▸ **RECORDS TO PROCESS**
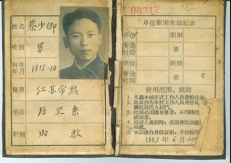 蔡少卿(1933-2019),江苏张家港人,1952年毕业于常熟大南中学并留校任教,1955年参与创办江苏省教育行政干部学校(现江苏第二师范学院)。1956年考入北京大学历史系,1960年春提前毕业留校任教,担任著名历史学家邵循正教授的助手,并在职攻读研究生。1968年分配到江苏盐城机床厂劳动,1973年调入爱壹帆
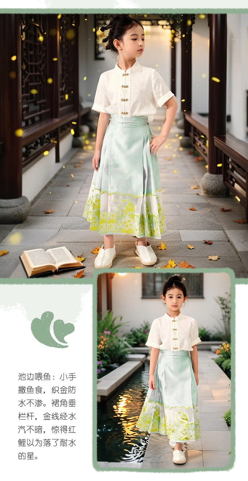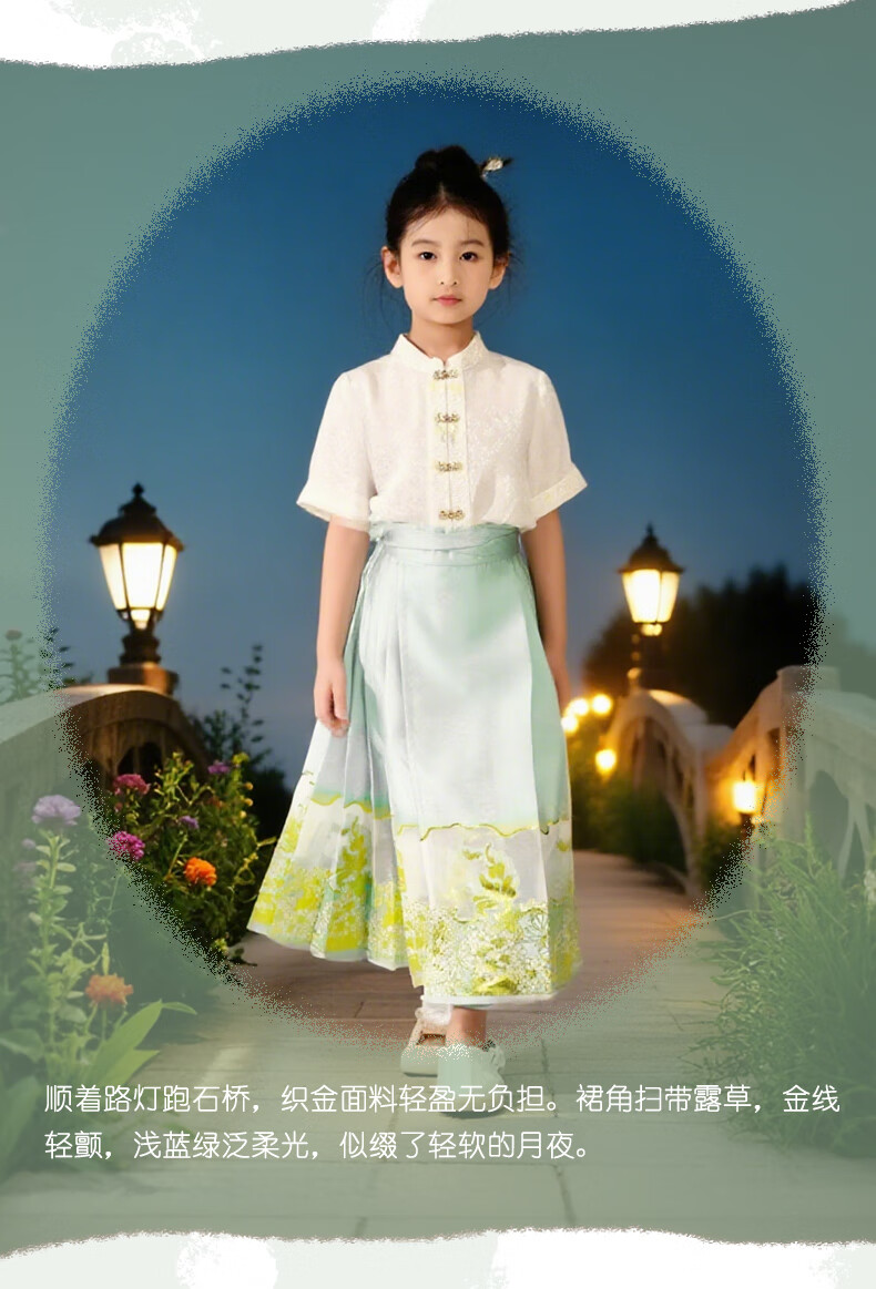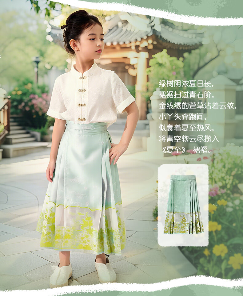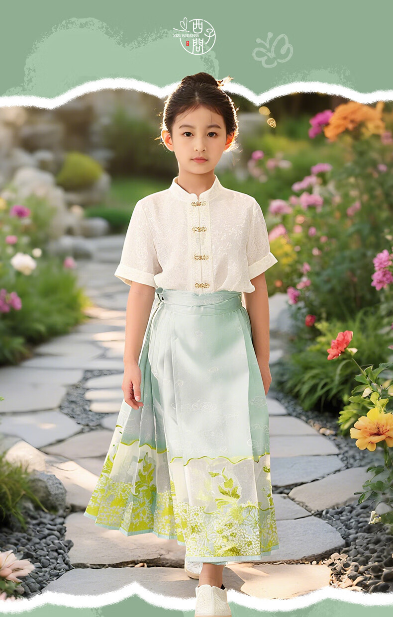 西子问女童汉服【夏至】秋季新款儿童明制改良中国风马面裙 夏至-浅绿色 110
...
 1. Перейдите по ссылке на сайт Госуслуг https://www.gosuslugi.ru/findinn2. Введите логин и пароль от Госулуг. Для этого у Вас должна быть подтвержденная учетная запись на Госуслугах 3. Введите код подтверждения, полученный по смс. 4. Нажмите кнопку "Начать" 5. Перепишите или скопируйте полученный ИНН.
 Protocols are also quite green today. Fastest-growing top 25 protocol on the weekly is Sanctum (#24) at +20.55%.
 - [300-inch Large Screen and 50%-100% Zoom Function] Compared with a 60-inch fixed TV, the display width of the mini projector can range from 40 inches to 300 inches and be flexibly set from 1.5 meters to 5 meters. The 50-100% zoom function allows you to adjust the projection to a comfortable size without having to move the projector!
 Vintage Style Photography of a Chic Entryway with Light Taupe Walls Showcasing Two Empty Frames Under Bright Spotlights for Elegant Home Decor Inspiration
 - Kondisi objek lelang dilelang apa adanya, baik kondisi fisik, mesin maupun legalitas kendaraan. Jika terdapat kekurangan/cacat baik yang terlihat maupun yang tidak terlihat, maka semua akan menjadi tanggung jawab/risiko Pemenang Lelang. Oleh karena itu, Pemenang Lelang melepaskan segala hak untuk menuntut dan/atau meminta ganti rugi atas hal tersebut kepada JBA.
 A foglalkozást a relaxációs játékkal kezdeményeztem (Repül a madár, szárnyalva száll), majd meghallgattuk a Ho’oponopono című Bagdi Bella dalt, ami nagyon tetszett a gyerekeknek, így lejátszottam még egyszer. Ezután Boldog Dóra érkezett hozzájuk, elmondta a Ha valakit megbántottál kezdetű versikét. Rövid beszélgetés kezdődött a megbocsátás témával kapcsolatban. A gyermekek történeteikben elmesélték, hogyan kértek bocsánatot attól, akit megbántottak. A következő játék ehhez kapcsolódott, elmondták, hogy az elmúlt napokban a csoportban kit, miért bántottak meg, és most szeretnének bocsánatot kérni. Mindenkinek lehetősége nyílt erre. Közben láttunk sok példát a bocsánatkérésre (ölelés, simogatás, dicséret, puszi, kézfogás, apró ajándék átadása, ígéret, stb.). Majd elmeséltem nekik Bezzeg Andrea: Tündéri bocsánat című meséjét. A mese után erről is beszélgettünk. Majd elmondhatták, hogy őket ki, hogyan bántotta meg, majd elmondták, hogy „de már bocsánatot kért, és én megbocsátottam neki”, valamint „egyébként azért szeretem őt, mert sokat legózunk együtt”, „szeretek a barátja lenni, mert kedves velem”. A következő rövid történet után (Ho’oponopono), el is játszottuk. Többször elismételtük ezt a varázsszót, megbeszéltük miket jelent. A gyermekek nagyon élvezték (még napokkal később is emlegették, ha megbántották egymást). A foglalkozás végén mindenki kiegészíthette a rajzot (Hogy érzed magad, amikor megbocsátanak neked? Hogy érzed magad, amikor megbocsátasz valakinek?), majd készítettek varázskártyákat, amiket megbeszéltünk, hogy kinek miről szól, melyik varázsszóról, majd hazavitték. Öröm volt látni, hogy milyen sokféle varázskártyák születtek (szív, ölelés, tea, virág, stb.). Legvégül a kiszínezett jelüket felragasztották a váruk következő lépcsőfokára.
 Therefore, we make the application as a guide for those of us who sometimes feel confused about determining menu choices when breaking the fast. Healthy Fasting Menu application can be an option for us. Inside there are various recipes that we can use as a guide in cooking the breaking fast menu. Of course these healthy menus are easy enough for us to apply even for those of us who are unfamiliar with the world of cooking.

▸ **TASK GOAL**
Take every line above that includes the string "with" and return it.

▸ **WRITTEN REPLY**
 - [300-inch Large Screen and 50%-100% Zoom Function] Compared with a 60-inch fixed TV, the display width of the mini projector can range from 40 inches to 300 inches and be flexibly set from 1.5 meters to 5 meters. The 50-100% zoom function allows you to adjust the projection to a comfortable size without having to move the projector!
 Vintage Style Photography of a Chic Entryway with Light Taupe Walls Showcasing Two Empty Frames Under Bright Spotlights for Elegant Home Decor Inspiration
 Therefore, we make the application as a guide for those of us who sometimes feel confused about determining menu choices when breaking the fast. Healthy Fasting Menu application can be an option for us. Inside there are various recipes that we can use as a guide in cooking the breaking fast menu. Of course these healthy menus are easy enough for us to apply even for those of us who are unfamiliar with the world of cooking.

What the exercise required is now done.